The Jordan-Brouwer Separation Theorem says that any connected compact hypersurface in Euclidean space divides the space into two connected components with the hypersurface their common boundary, cf. the lecture notes: http://www.math.uchicago.edu/~may/VIGRE/VIGRE2009/REUPapers/Schmaltz.pdf
However, in the notes https://www.jstor.org/stable/2323445 the author proved the theorem with two restrictions for oriented and smooth hypersurface. Although they are equivalent, say, any smooth hypersurface in Euclidean space is orientable, I don't know if this restriction can be dropped anyway. And the author said $C^1$- or $C^2$-smooth also satisfies the proof instead of $C^\infty$, but is $C^1$- or $C^2$-smoothness equivalent to orientability?
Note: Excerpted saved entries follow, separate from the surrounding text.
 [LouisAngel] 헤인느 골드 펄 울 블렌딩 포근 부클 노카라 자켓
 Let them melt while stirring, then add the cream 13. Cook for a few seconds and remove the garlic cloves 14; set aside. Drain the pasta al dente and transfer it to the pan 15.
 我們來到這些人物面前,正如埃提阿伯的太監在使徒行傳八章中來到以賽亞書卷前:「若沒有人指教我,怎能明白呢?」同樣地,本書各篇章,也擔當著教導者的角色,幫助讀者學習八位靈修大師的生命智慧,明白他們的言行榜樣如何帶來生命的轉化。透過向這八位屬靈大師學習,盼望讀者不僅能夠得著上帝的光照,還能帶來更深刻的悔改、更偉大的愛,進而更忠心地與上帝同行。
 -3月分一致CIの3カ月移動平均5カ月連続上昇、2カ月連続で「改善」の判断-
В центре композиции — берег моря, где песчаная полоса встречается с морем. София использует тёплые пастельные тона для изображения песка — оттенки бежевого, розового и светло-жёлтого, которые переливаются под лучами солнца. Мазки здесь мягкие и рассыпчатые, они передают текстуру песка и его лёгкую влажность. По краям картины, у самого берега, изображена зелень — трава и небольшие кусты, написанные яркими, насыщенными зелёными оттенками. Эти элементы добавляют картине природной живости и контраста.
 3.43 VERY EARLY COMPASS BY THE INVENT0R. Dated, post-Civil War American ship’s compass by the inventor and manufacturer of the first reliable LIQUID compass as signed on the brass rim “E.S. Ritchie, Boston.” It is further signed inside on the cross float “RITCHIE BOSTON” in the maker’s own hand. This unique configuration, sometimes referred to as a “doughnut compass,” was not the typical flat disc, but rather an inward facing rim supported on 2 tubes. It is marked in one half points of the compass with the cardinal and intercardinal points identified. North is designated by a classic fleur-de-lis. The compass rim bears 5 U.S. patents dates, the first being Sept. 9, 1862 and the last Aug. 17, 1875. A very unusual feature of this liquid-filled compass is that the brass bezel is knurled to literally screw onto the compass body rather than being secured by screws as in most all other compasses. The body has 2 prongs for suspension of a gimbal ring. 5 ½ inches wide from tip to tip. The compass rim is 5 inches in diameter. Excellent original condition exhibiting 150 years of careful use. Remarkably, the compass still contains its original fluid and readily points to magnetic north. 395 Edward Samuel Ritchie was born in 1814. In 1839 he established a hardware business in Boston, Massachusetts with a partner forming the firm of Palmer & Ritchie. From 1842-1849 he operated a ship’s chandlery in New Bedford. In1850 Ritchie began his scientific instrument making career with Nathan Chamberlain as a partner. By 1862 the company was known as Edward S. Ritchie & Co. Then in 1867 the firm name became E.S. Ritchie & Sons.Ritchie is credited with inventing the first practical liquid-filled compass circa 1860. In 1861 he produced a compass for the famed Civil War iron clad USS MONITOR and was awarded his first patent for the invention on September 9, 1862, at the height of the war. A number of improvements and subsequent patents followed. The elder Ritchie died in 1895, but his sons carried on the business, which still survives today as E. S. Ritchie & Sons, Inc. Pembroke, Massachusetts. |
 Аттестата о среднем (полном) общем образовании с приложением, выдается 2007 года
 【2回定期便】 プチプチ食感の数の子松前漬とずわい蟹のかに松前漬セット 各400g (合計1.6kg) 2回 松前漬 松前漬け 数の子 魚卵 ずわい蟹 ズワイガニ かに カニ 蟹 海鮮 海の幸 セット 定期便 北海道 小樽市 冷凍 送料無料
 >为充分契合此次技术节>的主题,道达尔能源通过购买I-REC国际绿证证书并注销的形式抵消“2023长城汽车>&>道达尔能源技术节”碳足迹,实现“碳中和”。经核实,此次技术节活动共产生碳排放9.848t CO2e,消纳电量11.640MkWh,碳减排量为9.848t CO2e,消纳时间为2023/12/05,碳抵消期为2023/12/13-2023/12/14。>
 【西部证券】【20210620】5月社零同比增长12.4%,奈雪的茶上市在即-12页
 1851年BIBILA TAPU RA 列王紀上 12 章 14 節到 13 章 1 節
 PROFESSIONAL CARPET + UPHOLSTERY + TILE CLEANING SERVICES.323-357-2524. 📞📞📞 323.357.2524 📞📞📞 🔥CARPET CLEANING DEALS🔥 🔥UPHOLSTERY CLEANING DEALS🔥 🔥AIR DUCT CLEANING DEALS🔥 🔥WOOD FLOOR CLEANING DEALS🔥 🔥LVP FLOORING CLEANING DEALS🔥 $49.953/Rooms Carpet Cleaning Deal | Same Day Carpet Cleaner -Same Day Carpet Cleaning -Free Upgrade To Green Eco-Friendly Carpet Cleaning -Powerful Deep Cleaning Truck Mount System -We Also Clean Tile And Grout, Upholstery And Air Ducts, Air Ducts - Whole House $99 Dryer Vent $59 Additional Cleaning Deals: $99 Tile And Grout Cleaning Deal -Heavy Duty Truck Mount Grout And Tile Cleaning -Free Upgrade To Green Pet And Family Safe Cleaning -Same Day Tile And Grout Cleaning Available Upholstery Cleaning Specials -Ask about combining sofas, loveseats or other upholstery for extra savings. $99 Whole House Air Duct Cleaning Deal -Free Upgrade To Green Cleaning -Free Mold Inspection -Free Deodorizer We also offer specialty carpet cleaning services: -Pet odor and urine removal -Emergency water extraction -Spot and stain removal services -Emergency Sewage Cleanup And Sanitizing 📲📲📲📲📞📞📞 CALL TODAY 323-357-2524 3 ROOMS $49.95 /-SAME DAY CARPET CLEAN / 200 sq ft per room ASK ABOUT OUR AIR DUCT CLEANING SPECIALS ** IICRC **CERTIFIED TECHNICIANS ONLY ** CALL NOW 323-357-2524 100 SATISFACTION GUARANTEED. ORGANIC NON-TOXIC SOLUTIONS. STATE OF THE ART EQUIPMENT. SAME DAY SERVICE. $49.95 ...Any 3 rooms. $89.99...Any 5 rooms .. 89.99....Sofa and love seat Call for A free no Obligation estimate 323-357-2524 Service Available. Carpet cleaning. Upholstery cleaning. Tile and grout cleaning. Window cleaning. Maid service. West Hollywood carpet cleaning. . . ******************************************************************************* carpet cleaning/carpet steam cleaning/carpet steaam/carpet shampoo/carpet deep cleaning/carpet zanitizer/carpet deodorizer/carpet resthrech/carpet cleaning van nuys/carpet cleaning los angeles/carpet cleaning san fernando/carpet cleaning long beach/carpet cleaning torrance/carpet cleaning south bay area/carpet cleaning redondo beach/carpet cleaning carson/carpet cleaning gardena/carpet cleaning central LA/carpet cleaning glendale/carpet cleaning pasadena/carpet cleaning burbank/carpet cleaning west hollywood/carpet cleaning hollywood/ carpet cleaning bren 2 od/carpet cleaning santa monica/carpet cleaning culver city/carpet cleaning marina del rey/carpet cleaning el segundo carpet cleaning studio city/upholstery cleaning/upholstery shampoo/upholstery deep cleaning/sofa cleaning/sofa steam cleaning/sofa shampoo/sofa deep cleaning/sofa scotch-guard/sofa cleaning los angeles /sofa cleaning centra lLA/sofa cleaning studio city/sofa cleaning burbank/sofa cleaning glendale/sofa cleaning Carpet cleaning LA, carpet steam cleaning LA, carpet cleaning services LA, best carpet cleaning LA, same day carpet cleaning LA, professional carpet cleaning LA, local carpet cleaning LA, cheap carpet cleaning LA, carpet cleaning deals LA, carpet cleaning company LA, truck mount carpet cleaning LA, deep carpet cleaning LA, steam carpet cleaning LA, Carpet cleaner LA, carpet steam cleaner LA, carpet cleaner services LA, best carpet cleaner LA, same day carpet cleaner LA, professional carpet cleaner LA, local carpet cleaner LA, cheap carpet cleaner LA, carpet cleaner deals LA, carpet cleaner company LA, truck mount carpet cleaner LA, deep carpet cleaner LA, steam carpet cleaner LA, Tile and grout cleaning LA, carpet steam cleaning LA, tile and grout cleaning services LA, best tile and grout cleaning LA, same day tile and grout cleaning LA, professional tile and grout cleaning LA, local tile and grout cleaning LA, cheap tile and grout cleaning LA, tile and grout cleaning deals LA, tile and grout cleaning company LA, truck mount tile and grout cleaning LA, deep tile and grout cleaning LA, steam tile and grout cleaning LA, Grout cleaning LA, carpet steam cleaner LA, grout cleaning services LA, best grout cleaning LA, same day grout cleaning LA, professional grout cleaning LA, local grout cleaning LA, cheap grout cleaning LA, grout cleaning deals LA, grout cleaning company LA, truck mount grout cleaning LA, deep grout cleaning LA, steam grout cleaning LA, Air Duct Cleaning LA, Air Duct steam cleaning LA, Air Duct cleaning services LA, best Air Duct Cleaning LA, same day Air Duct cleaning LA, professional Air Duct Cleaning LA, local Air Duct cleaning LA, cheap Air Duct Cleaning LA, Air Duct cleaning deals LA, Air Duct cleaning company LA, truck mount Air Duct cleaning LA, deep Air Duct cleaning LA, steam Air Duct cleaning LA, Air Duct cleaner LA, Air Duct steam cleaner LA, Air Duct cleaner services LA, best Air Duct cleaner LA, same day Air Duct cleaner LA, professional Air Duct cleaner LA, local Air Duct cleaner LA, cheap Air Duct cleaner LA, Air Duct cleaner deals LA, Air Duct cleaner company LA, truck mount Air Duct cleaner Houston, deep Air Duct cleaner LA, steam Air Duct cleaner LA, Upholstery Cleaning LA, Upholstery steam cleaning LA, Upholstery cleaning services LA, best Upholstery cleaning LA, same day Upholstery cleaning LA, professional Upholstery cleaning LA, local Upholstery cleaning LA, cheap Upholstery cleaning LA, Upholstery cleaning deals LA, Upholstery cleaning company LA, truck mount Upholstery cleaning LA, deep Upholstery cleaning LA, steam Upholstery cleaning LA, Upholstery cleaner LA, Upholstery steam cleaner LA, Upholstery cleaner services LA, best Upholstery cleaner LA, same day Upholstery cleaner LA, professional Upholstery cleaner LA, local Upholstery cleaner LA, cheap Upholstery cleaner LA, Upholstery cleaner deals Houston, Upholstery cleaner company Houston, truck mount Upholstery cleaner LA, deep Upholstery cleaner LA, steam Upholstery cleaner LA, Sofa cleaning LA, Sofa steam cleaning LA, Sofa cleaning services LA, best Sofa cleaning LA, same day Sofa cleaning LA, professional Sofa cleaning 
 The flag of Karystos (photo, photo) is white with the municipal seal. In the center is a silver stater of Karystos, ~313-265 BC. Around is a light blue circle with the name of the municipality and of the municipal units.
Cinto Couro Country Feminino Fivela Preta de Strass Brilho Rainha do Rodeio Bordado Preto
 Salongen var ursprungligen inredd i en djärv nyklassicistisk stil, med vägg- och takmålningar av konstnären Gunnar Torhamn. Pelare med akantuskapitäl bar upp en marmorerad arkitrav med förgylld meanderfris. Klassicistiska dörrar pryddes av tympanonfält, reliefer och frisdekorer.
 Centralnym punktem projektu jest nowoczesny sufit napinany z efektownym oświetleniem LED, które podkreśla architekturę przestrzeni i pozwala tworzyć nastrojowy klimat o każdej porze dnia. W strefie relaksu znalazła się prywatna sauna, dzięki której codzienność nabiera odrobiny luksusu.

In summary, what are the necessary conditions for a hypersurface separates the Euclidean space?
A. connected
B. compact
C. $C^k$-smooth (and what $k$?)
D. oriented
Solution 1:
Suppose that $X\subset S^n$ is a compact subset which is homeomorphic to a topological manifold (possibly with boundary). Then Alexander Duality says: $$ \tilde{H}_0(S^n -X)\cong \check{H}^{n-1}(X)\cong H^{n-1}(X). $$ Therefore, if $X$ separates $S^n$, then $\tilde{H}_0(S^n -X)\ne 0$, hence, $dim(X)=n-1$ and at least one component of $X$ is orientable and has empty boundary. Conversely, if $X$ has codimension 1 in $S^n$ and has at least one component which is orientable and with empty boundary, then the same isomorphism says that the complement to $X$ is disconnected. If you want to get exactly two connected components, as in JST, then you have to assume that $X$ itself is connected, has empty boundary and is orientable.
Lastly, here is a proof that a closed (i.e. compact and with empty boundary) connected non-orientable $n-1$-dimensional manifold $X$ cannot be embedded in $S^n$:
Otherwise, $\tilde{H}_0(S^n-X, {\mathbb Z}_2)\cong H^{n-1}(X, {\mathbb Z}_2)\ne 0$, implying that $X$ separates $S^n$. But then, the argument above with integer (co)homology leads to a contradiction.